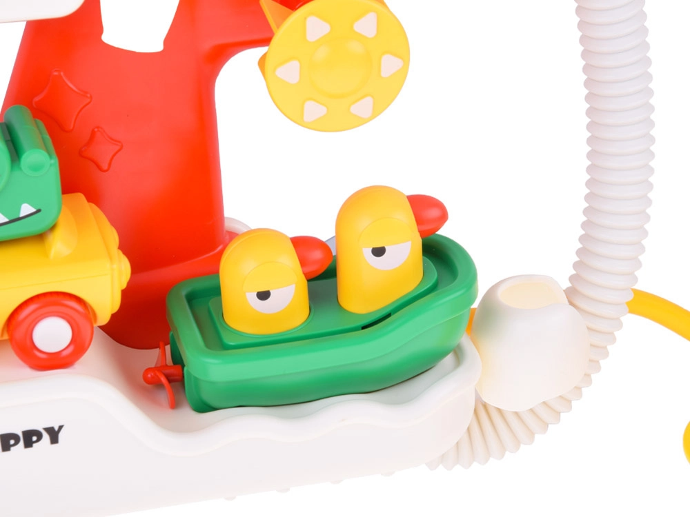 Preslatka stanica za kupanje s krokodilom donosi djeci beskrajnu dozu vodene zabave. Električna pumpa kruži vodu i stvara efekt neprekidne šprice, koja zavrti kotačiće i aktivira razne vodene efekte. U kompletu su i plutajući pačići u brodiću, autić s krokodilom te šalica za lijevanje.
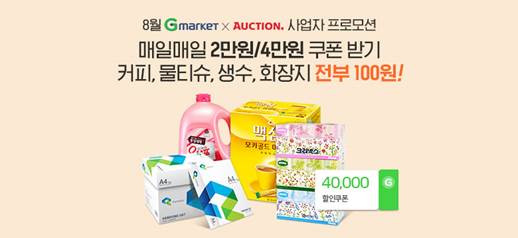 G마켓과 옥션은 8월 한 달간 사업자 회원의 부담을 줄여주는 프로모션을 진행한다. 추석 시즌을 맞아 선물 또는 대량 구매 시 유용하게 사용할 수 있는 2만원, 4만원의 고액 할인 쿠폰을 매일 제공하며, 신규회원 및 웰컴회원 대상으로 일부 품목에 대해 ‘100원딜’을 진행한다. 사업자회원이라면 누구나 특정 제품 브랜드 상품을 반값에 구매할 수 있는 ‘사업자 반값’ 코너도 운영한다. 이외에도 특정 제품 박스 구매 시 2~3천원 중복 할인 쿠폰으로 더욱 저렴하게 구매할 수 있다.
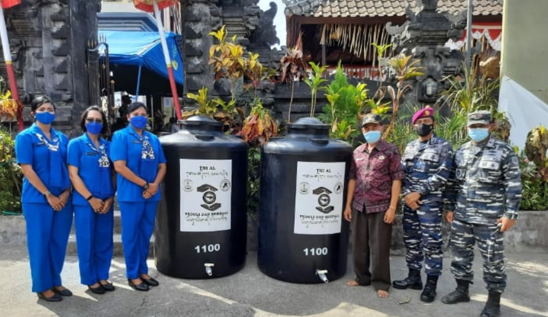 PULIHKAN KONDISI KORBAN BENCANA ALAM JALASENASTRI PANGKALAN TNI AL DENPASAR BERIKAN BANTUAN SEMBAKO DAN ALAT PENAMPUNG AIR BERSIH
...
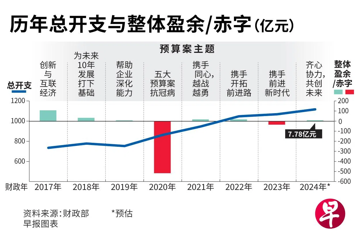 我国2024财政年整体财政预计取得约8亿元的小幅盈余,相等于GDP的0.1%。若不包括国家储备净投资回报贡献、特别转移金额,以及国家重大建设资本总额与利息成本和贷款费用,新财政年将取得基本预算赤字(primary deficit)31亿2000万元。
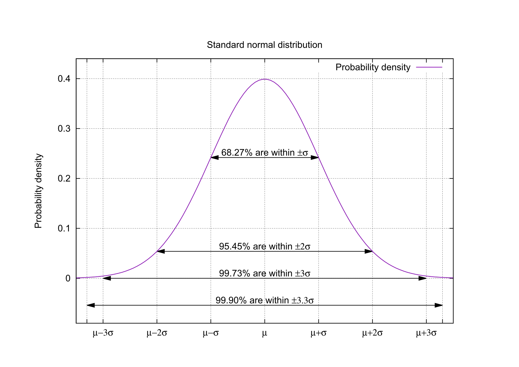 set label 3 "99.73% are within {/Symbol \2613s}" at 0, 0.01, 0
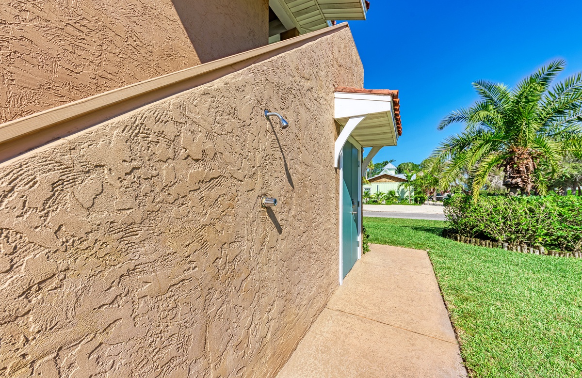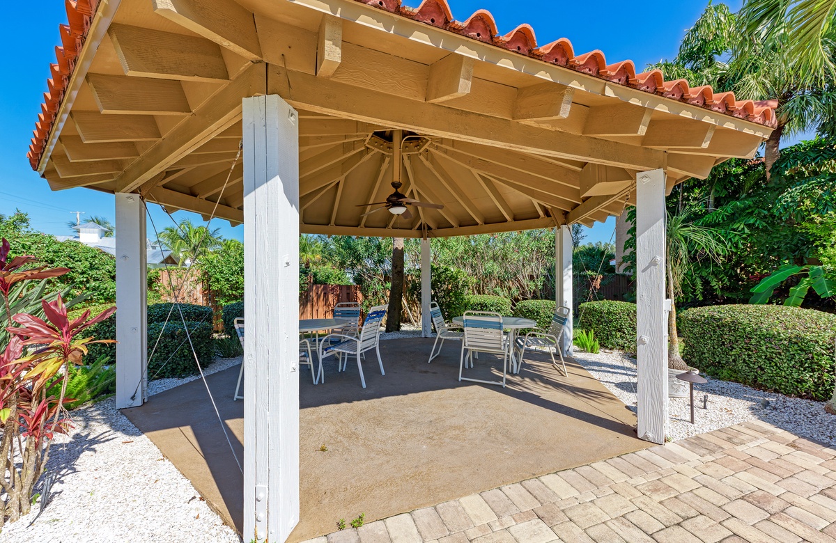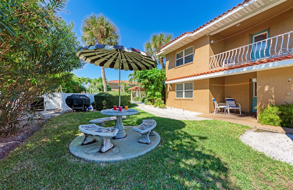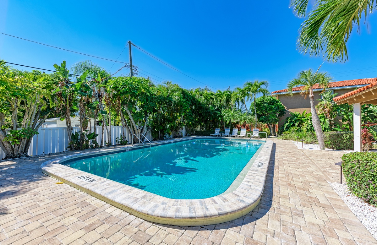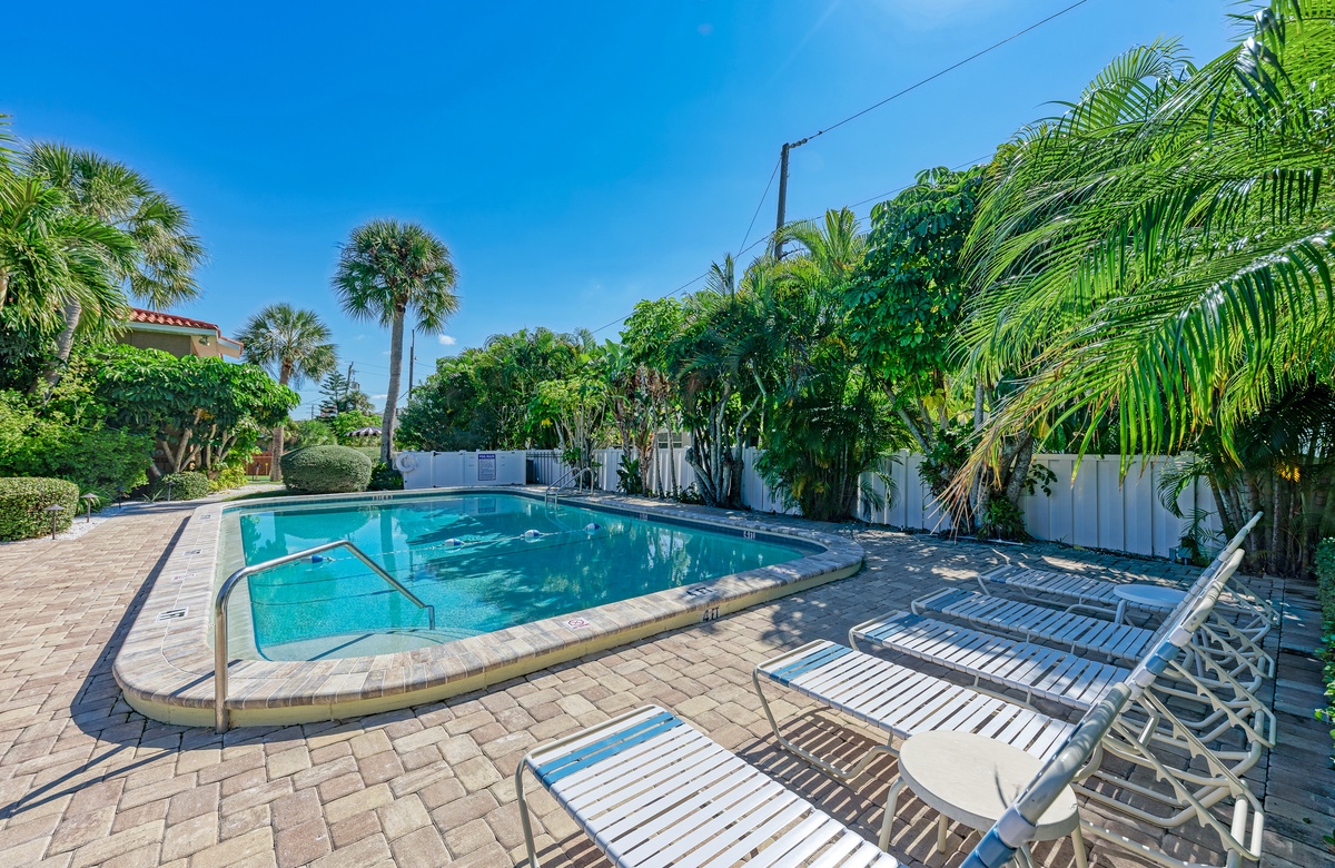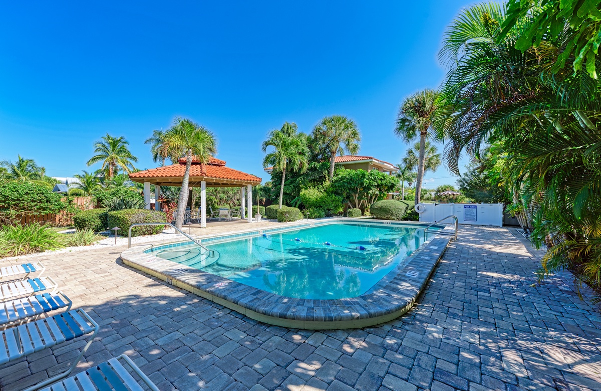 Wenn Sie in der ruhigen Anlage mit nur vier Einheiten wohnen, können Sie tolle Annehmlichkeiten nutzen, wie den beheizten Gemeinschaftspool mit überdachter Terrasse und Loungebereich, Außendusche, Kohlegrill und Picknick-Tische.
--
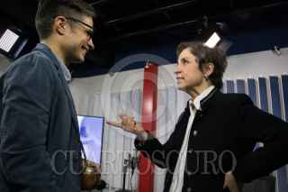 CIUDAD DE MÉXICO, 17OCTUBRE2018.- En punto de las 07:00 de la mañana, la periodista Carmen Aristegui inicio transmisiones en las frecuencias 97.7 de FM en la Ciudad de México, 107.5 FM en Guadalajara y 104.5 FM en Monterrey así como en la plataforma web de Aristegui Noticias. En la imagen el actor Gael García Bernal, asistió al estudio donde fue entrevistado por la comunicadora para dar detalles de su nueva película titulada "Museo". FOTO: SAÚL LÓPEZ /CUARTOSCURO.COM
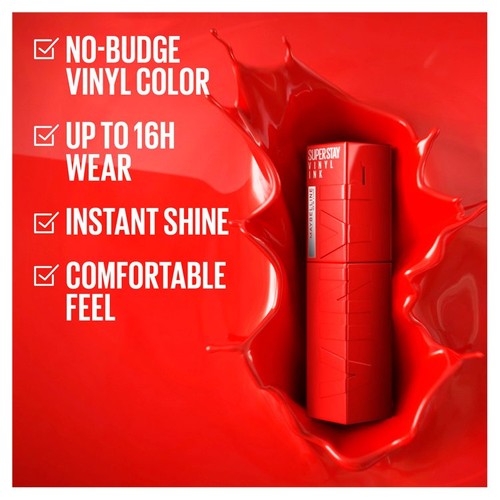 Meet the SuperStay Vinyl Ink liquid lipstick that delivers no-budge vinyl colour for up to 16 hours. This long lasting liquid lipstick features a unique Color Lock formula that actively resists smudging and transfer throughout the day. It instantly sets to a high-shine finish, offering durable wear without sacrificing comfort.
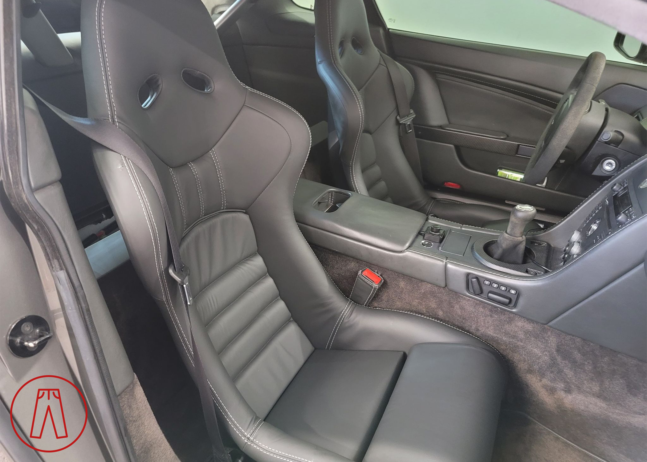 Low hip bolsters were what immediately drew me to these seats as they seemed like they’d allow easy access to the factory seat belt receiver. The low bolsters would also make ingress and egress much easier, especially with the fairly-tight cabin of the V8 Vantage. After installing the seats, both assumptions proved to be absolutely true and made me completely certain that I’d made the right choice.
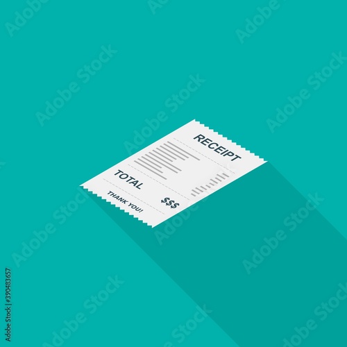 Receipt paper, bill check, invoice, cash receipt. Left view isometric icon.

• WORK TASK:
Look above for the line with "Preslatka stanica za" and the line with "PULIHKAN KONDISI KORBAN", then restate exactly those two lines and all lines between them, with no pictures.

• WRITTEN ANSWER:
 Preslatka stanica za kupanje s krokodilom donosi djeci beskrajnu dozu vodene zabave. Električna pumpa kruži vodu i stvara efekt neprekidne šprice, koja zavrti kotačiće i aktivira razne vodene efekte. U kompletu su i plutajući pačići u brodiću, autić s krokodilom te šalica za lijevanje.
 G마켓과 옥션은 8월 한 달간 사업자 회원의 부담을 줄여주는 프로모션을 진행한다. 추석 시즌을 맞아 선물 또는 대량 구매 시 유용하게 사용할 수 있는 2만원, 4만원의 고액 할인 쿠폰을 매일 제공하며, 신규회원 및 웰컴회원 대상으로 일부 품목에 대해 ‘100원딜’을 진행한다. 사업자회원이라면 누구나 특정 제품 브랜드 상품을 반값에 구매할 수 있는 ‘사업자 반값’ 코너도 운영한다. 이외에도 특정 제품 박스 구매 시 2~3천원 중복 할인 쿠폰으로 더욱 저렴하게 구매할 수 있다.
 PULIHKAN KONDISI KORBAN BENCANA ALAM JALASENASTRI PANGKALAN TNI AL DENPASAR BERIKAN BANTUAN SEMBAKO DAN ALAT PENAMPUNG AIR BERSIH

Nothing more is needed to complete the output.